De resto, a proposta destes dois palhetes não é feita ao caso. Como gostamos de recomendar por aqui, nada como comprar uma garrafa de cada casa, juntar os amigos num almoço ou jantar de Verão e desatar a conversar sobre os dois perfis de palhete. É assim que se aprende.
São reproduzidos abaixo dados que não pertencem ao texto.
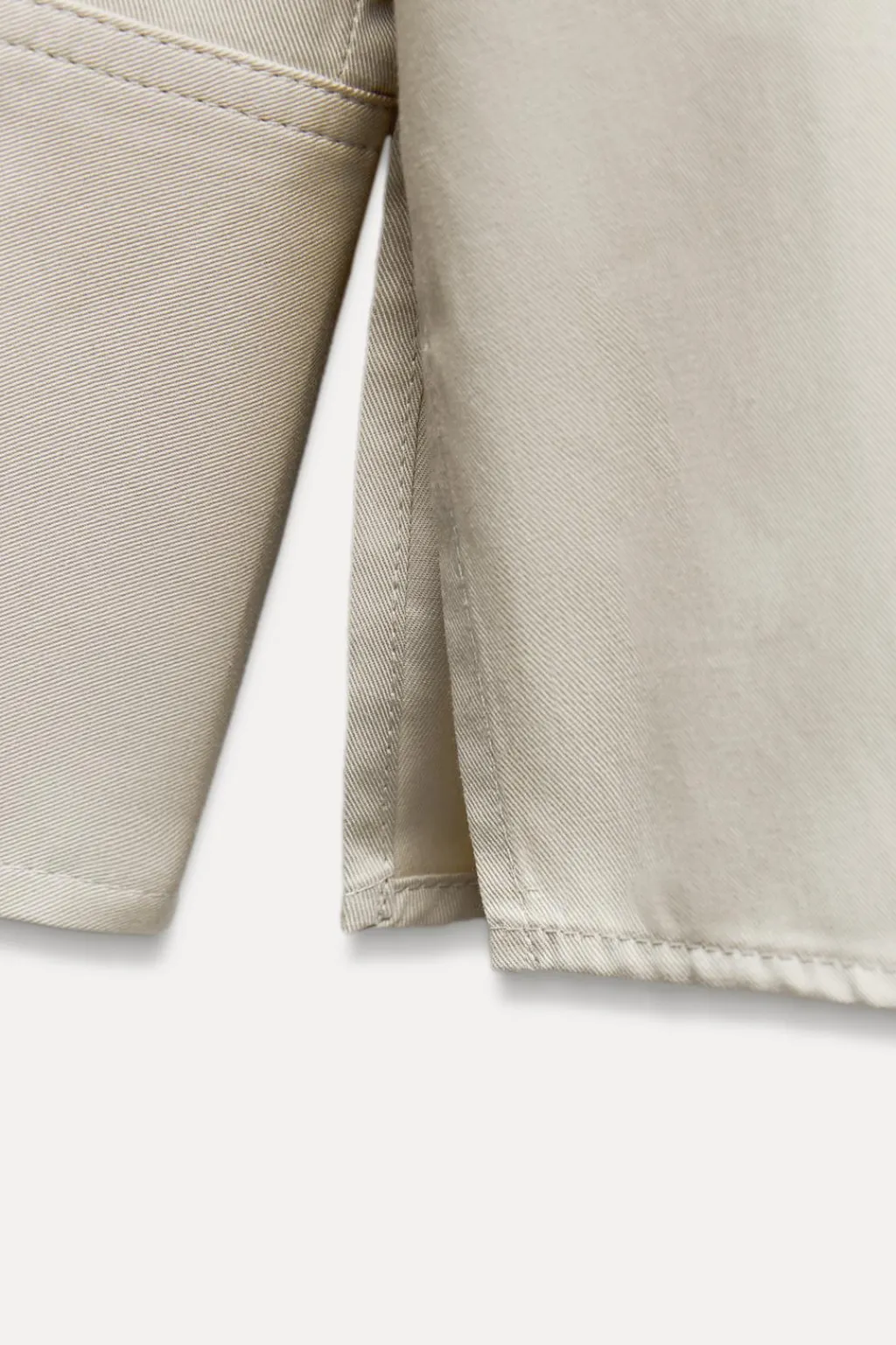 Camisa amplia de cuello solapa y manga larga con botones. Bajo con aberturas laterales. Cierre frontal con botones.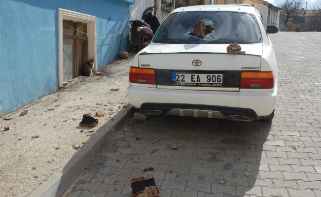 Tekirdağ’ın Malkara ilçesinde şiddetli fırtına nedeniyle bacadan fırlayan tuğlalar otomobile hasar verdi.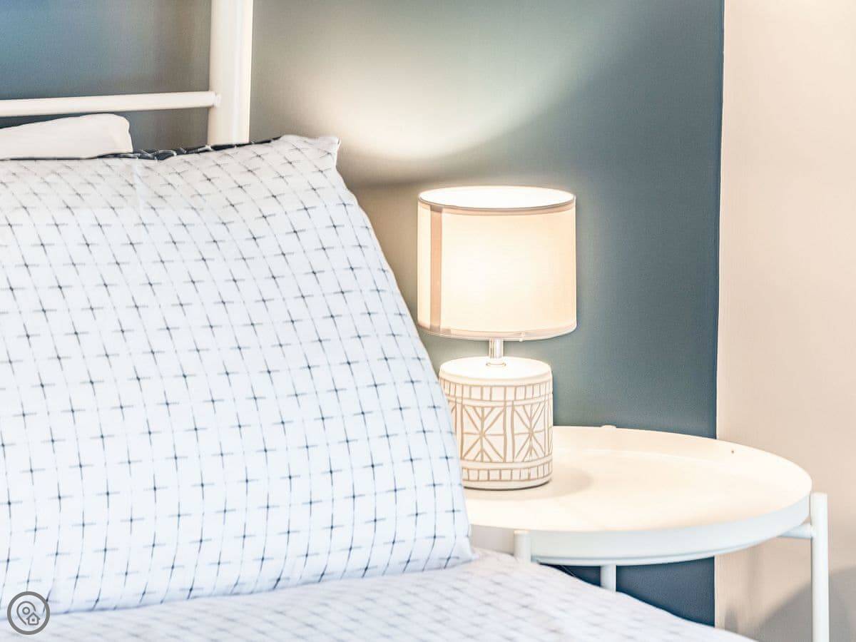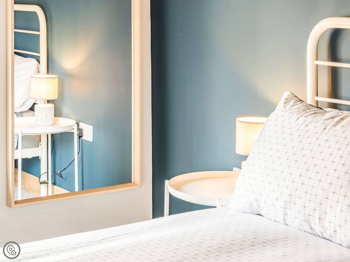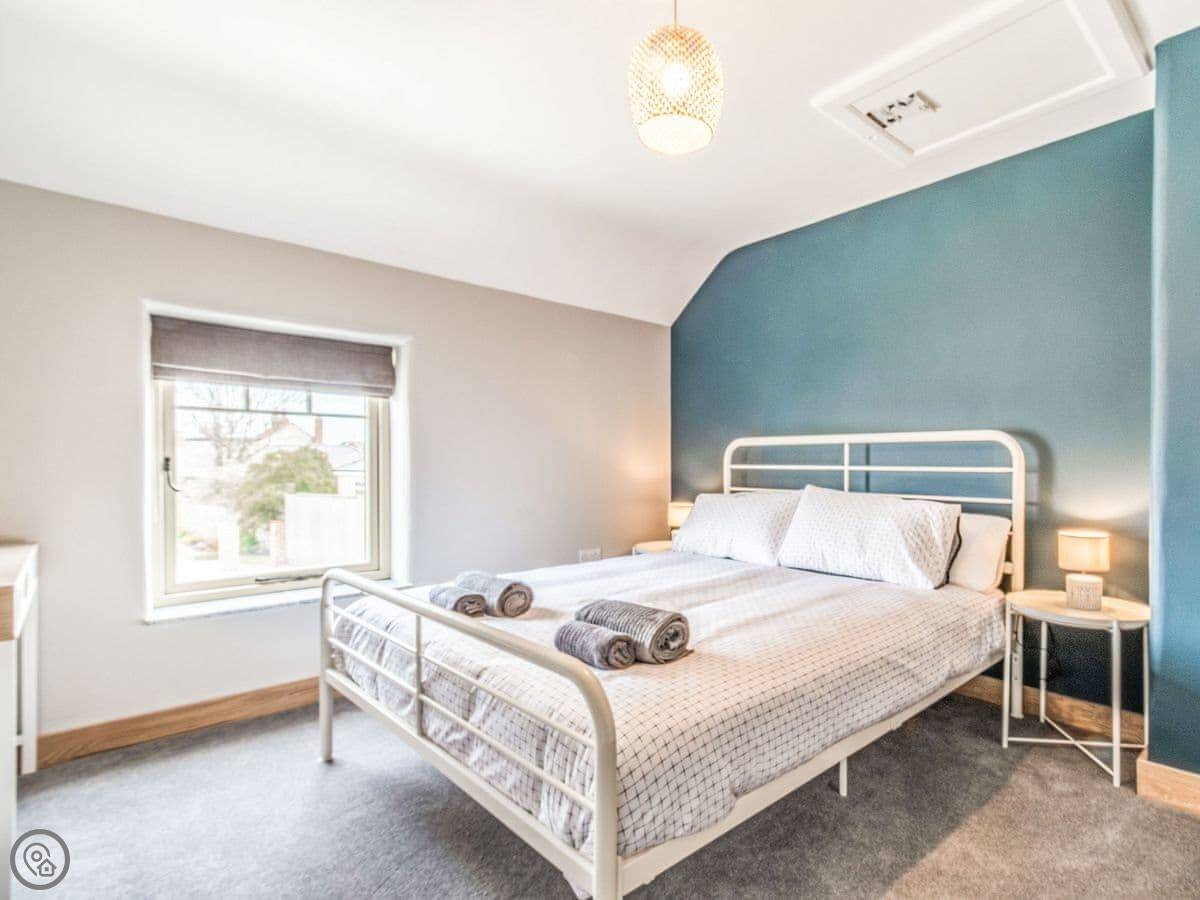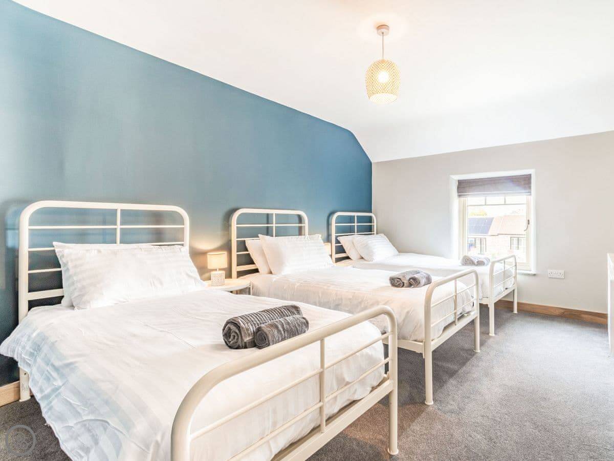 There are four bedrooms. Two of them have their own bathrooms, and there's another family bathroom with a bath. Three of the rooms have king size beds and the fourth has three singles.

E é assim que desenjoamos um bocadinho dos tintos clássicos, que bem podem esperar pelo Outono.
Nome Palhete Vale dos Enganos 2019
Produtor Quinta de São Bernardo
Castas Field blend (vinhas velhas)
Região Douro
Grau alcoólico 13,5% vol.
Preço (euros) 25
Pontuação 90
Autor Edgardo Pacheco
Notas de prova Com uma cor mais fechada para um palhete, temos aromas mais quentes – estamos do Douro – e a fazer lembrar frutos vermelhos e pretos. É na boca, por via da suavidade e do carácter aveludado dos taninos, que este vinho do Baixo Corgo encanta. Vinho com personalidade e capaz de se bater em grande com comida, como se de um tinto se tratasse.
Nome Palhete AdegaMãe 2023
Produtor AdegaMãe
Castas Pinot Noir, Castelão e Fernão Pir
Região Lisboa
Grau alcoólico 11% vol.
Preço (euros) 9
Pontuação 90
Autor Edgardo Pacheco
Notas de prova Depois da cor aberta e brilhante, o que nos chama a atenção são os aromas primários de frutos vermelhos e as notas vegetais típicas da casta Pinot Noir e, também, do Castelão. Na boca, um vinho bastante seco, com o regresso da tal matriz vegetal e fresca por via da acidez. Será interessante ver como evolui em garrafa.